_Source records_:
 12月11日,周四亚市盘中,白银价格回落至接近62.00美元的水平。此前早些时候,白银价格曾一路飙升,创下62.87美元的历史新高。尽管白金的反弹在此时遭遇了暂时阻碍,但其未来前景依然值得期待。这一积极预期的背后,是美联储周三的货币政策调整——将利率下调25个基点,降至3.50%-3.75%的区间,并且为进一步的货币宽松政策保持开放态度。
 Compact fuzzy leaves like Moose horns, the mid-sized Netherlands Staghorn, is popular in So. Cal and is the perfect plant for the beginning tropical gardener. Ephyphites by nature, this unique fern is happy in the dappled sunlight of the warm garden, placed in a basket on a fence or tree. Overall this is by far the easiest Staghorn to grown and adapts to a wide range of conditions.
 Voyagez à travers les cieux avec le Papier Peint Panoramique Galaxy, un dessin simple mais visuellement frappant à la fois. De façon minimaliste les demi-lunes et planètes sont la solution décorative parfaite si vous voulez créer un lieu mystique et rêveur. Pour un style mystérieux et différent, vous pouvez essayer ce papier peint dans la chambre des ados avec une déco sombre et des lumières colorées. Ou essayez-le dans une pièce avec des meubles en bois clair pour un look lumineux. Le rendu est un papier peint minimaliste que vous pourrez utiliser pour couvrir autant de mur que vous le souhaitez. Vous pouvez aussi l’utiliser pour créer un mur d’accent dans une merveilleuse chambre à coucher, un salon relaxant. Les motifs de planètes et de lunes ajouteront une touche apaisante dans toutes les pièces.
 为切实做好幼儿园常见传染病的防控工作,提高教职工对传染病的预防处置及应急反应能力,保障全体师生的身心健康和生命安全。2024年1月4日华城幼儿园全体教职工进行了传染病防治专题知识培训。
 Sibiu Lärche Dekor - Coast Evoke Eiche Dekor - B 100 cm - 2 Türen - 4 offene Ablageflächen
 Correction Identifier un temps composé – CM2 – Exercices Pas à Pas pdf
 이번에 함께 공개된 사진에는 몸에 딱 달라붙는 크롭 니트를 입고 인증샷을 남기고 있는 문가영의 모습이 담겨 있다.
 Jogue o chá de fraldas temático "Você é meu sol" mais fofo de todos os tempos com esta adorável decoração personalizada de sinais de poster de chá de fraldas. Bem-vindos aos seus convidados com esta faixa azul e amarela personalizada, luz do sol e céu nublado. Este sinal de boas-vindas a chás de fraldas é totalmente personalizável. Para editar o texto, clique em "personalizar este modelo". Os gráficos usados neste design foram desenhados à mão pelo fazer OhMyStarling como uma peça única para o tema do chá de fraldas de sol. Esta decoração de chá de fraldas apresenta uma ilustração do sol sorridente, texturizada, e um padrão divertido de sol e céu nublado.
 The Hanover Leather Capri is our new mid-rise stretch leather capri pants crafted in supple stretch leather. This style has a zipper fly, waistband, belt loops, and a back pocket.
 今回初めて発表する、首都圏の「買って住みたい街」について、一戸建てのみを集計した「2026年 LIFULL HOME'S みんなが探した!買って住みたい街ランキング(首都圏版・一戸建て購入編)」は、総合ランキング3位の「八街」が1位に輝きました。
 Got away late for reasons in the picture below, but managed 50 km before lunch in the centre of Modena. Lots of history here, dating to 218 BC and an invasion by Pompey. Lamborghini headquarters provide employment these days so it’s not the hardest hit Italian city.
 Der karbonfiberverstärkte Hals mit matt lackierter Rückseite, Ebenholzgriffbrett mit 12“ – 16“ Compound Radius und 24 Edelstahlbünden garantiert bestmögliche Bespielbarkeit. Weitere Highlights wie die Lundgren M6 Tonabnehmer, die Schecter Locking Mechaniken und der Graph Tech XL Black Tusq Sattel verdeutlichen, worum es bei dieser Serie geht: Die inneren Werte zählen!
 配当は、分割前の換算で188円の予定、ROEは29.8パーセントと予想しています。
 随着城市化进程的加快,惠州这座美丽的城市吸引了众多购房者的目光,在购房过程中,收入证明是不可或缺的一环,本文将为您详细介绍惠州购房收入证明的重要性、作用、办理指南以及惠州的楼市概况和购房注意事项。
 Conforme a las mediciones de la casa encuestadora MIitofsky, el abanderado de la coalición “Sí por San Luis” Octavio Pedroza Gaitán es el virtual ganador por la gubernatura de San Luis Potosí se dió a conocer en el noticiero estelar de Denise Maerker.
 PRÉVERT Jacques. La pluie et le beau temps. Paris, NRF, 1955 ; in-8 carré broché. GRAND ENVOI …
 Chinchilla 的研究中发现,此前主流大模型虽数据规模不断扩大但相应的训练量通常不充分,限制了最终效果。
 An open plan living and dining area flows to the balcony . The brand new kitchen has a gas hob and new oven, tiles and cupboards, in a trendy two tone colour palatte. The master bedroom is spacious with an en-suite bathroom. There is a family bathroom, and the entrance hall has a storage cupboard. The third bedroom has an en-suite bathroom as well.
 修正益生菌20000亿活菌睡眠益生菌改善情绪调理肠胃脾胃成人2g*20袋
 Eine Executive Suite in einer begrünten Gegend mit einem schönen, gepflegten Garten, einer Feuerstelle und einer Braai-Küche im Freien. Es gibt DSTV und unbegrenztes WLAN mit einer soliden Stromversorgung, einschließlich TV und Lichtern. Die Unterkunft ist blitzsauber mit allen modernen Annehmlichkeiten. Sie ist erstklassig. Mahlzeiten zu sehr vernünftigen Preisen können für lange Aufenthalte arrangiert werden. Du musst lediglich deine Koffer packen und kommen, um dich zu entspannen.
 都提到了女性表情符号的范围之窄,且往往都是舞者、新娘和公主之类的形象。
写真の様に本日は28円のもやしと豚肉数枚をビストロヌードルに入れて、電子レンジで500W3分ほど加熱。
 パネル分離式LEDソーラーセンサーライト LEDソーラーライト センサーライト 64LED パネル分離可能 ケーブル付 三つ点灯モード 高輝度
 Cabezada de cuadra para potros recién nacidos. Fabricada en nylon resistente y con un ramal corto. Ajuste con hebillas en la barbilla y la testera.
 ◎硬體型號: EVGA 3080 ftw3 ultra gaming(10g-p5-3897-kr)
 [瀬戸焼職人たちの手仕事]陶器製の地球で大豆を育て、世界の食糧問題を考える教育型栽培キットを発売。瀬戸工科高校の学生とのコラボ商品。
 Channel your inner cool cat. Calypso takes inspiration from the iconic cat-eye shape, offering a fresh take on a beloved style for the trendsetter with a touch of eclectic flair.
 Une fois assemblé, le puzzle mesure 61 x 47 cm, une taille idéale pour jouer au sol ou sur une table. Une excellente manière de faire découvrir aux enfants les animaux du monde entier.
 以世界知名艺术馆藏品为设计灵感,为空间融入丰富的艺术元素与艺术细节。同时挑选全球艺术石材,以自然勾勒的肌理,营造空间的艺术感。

_Task item_:
When the word "with" shows up in a line of the entries, pull that line out.

_Written response_:
 An open plan living and dining area flows to the balcony . The brand new kitchen has a gas hob and new oven, tiles and cupboards, in a trendy two tone colour palatte. The master bedroom is spacious with an en-suite bathroom. There is a family bathroom, and the entrance hall has a storage cupboard. The third bedroom has an en-suite bathroom as well.
 Channel your inner cool cat. Calypso takes inspiration from the iconic cat-eye shape, offering a fresh take on a beloved style for the trendsetter with a touch of eclectic flair.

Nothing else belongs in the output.